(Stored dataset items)
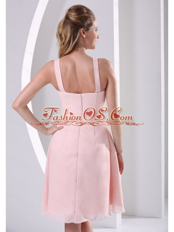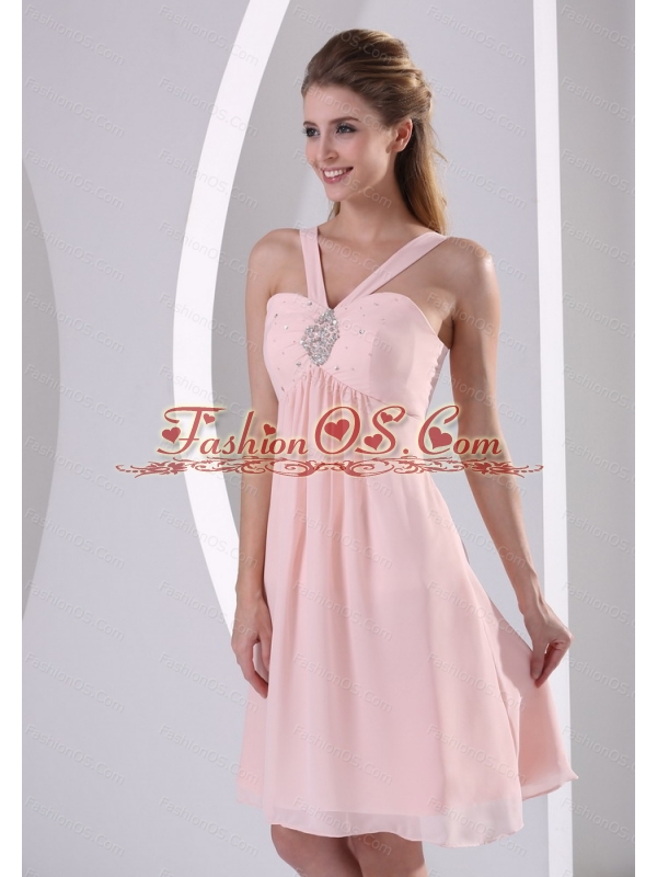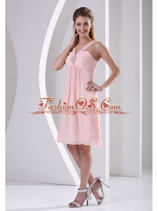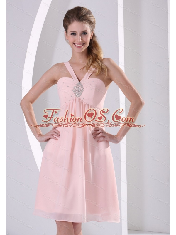 2013 Baby Pink Straps V-neck Short Dama Dresses for Quinceanera With Beading
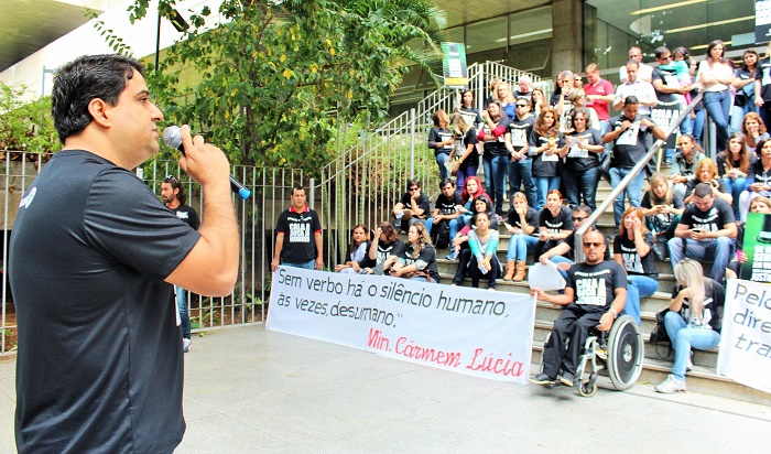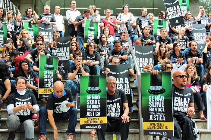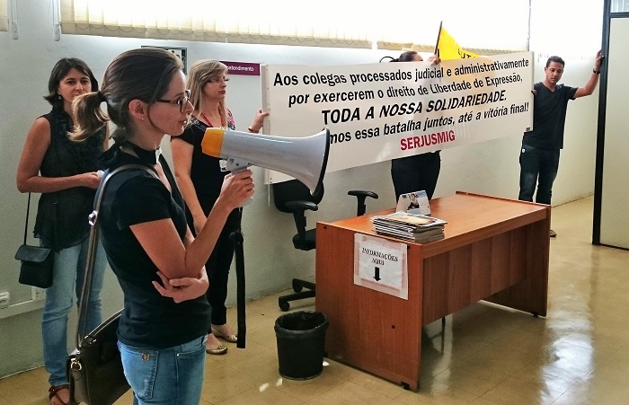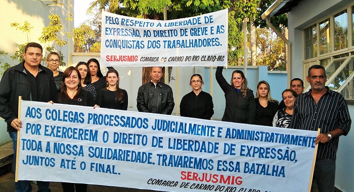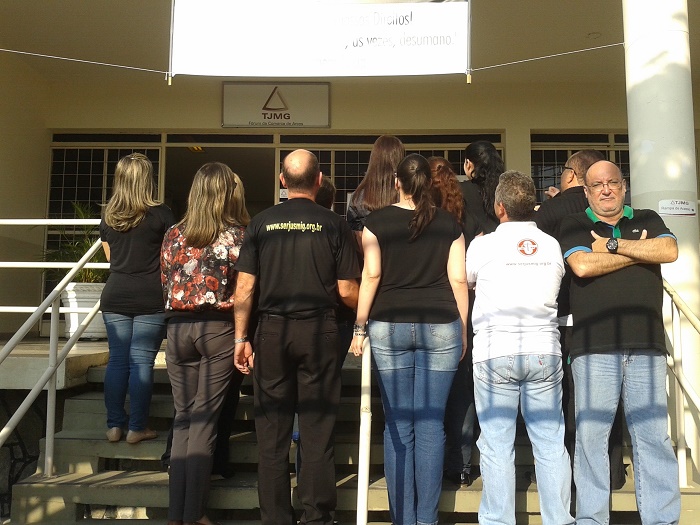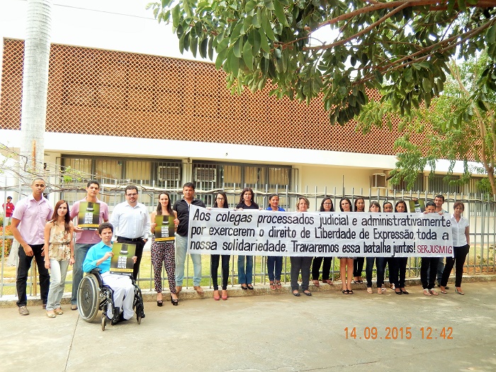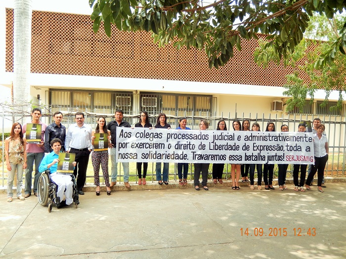 O ato de hoje foi, principalmente, em solidariedade aos colegas que estão sendo processados pelo atual ocupante do cargo de presidente do TJMG por protestarem contra os atos da atual gestão do Tribunal. Além deles, o SERJUSMIG e a presidente do Sindicato, Sandra Silvestrini, também estão sendo processados pelo presidente, sendo que a AMAGIS processou o Sindicato.
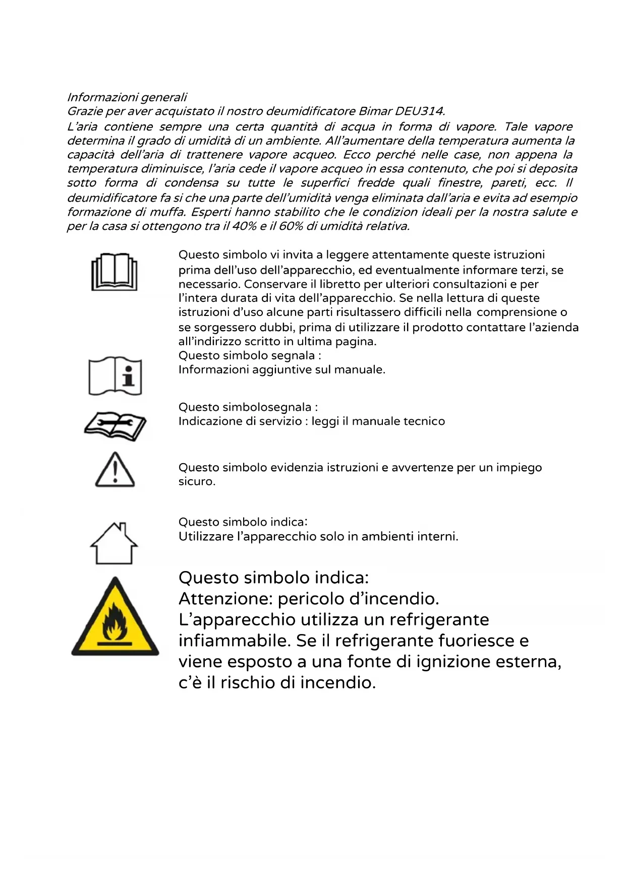 Il filtro aria è intasato. Pulire il filtro come descritto nel paragrafo “Pulizia e manutenzione”. Le finestre e le porte della stanza sono aperte. Chiudere le finestre e le porte della stanza. La temperatura ambiente è troppo bassa. È in corso lo sbrinamento automatico; al termine l’apparecchio tornerà a deumidificare. Il tempo è troppo breve per togliere l’umidità. Aumentare il tempo. La griglia di entrata o uscita dell’aria è coperta o bloccata. Accertarsi che le griglie siano libere. Il deumidificatore è eccessivamente rumoroso. Il deumidificatore non è posizionato correttamente è inclinato e/o traballante. Posizionare il deumidificatore su una superficie piana e stabile. Il filtro aria è intasato o non correttamente inserito nelle proprie guide. Pulire il filtro come descritto nel paragrafo “Pulizia e manutenzione”. Verificare che sia alloggiato all’interno delle proprie guideGeneral Information Thank you for buying our Bimar DEU314 dehumidifier. Air contains a certain amount of water in the form of vapour. This vapour determines the degree of humidity in a particular environment. As the temperature goes up, the capacity of the air to hold water vapour increases. This is why as soon as the temperature in the house drops, the air releases the water vapour that is in it, which is then deposited as condensation on cold surfaces, such as windows, walls, etc. The dehumidifier gets rid of part of the humidity from the air and stops, for example, mould or mildew forming. According to experts, the ideal conditions for our health and for the home are between 40% and 60% relative humidity.
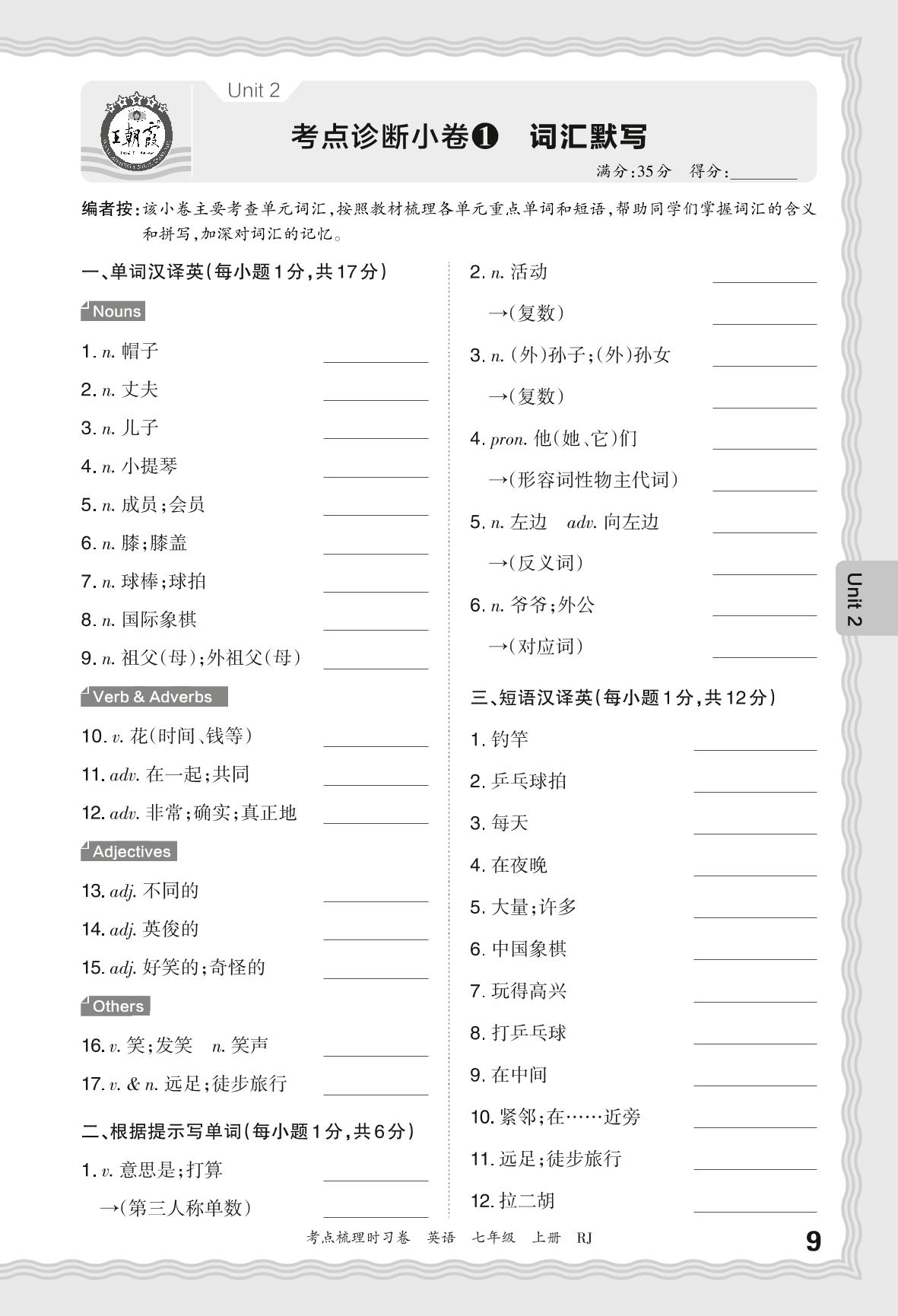 2024秋上册七年级英语人教版 Unit 2 考点诊断小卷1 词汇默写_R240827094832711
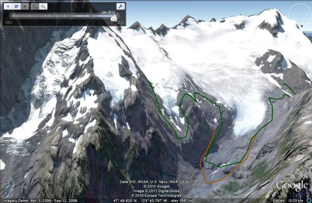 White Glacier descends the Northwest flank of Mount Olympus in Olympic National Park in Washington. The glacier had a very large retreat from its Little Ice age maximum to 1952 of 3200 meters (Heusser, 1957). At that time it was joined with its more famous neighbor Blue Glacier, which is also retreating today. From 1958-1980 the glacier advanced a small distance, the 1950 based map of the area shows the terminus location of the glacier at that point. The burnt orange line indicates the map terminus, the forest green line the 1990 terminus. The Blue Glacier advanced nearly 200 meters in this interval
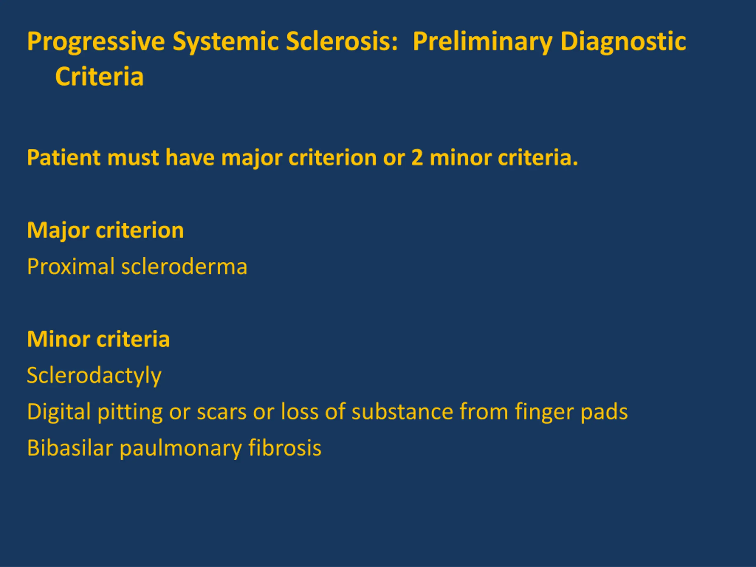 Progressive Systemic Sclerosis: Preliminary Diagnostic Criteria Patient must have major criterion or 2 minor criteria. Major criterion Proximal scleroderma Minor criteria Sclerodactyly Digital pitting or scars or loss of substance from finger pads Bibasilar paulmonary fibrosis
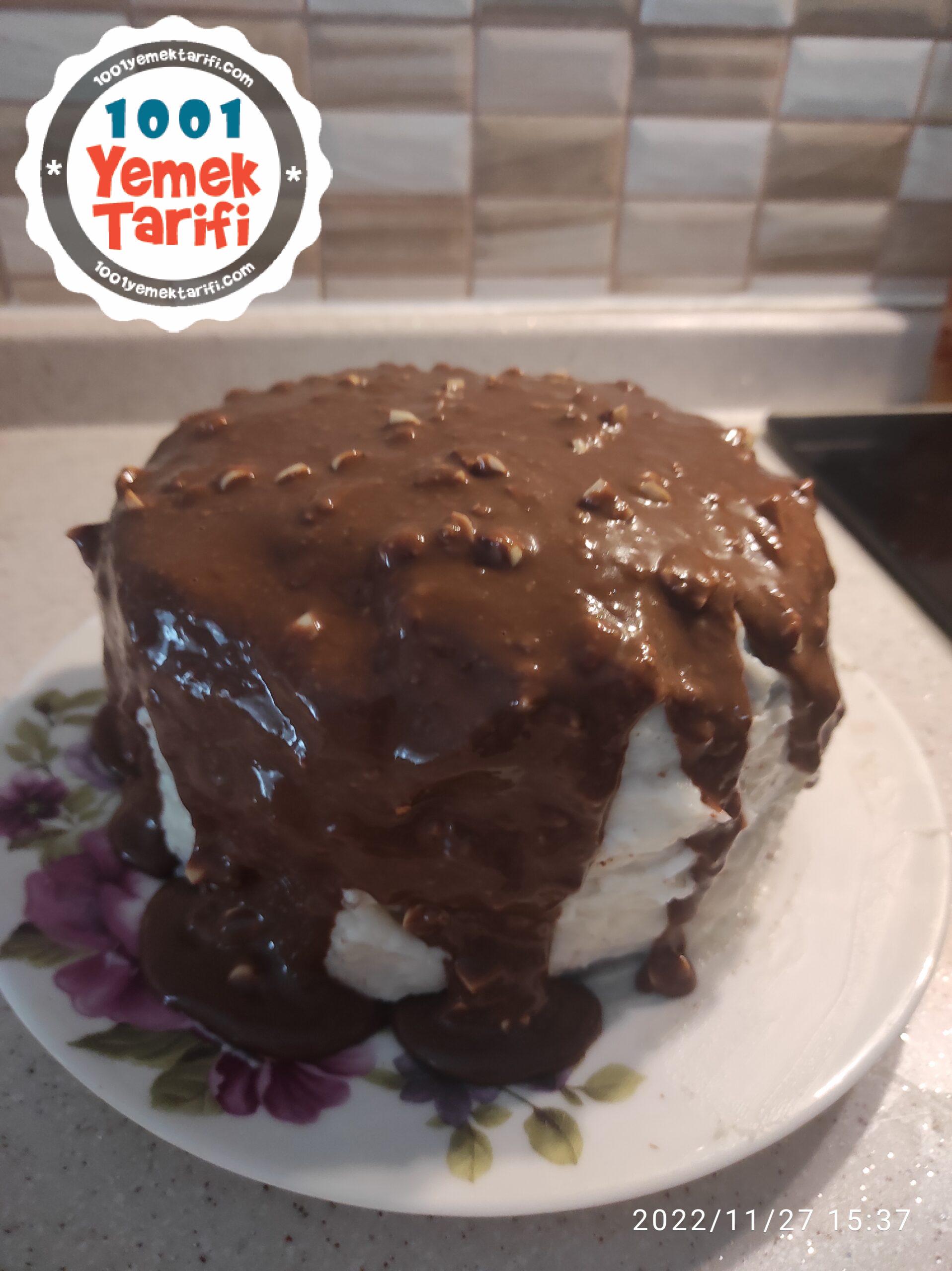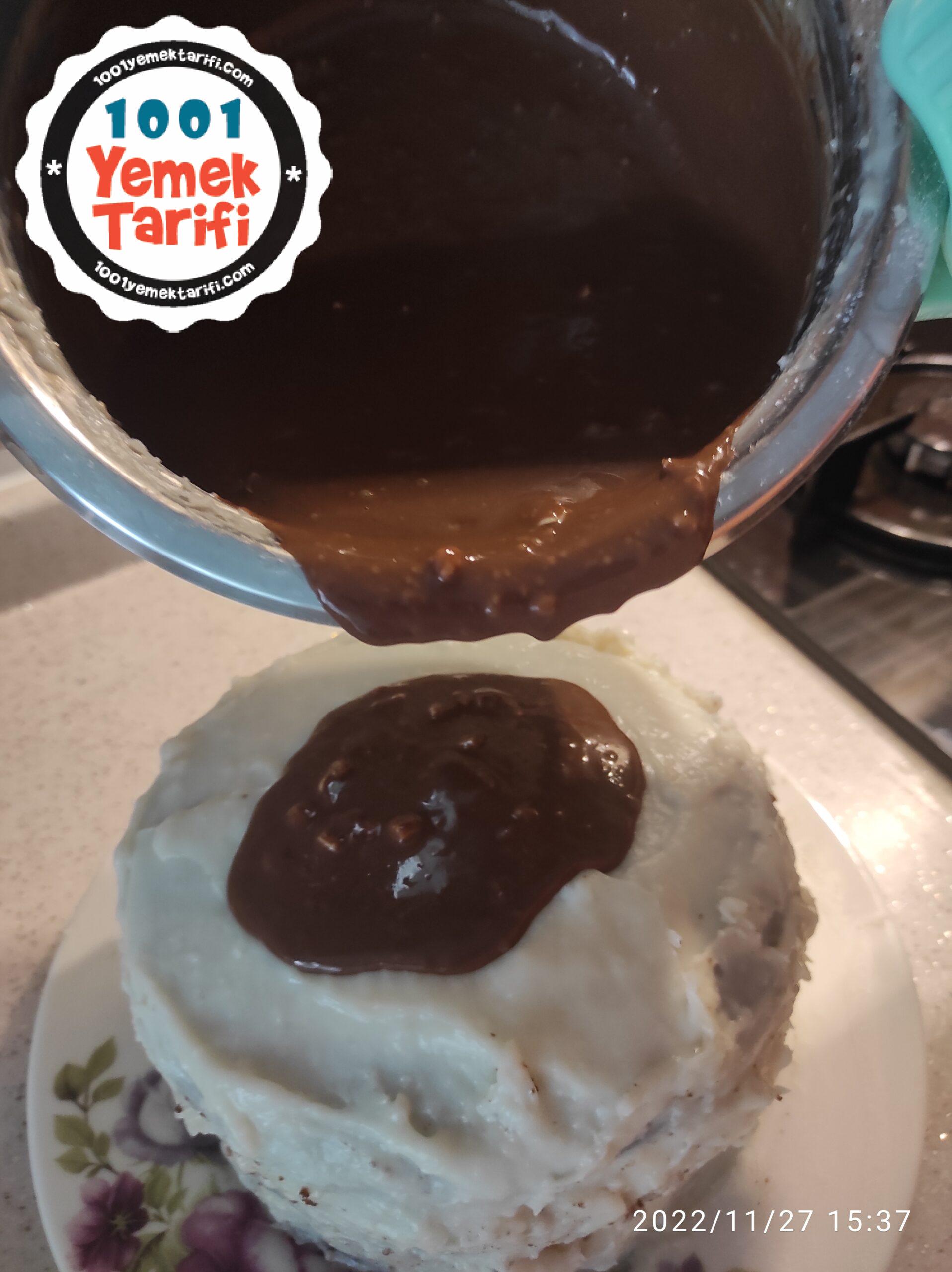 • Yer fistiklarini ekleyip ilk sıcağı çikinca pastanın üzerine dökelim dolapta bekletip servis yapabiliriz.

What this task involves -> Reproduce the data above line for line, from its first line through the line containing "O ato de hoje", both ends included, with the pictures omitted and nothing more.

Exercise answer ->
 2013 Baby Pink Straps V-neck Short Dama Dresses for Quinceanera With Beading
 O ato de hoje foi, principalmente, em solidariedade aos colegas que estão sendo processados pelo atual ocupante do cargo de presidente do TJMG por protestarem contra os atos da atual gestão do Tribunal. Além deles, o SERJUSMIG e a presidente do Sindicato, Sandra Silvestrini, também estão sendo processados pelo presidente, sendo que a AMAGIS processou o Sindicato.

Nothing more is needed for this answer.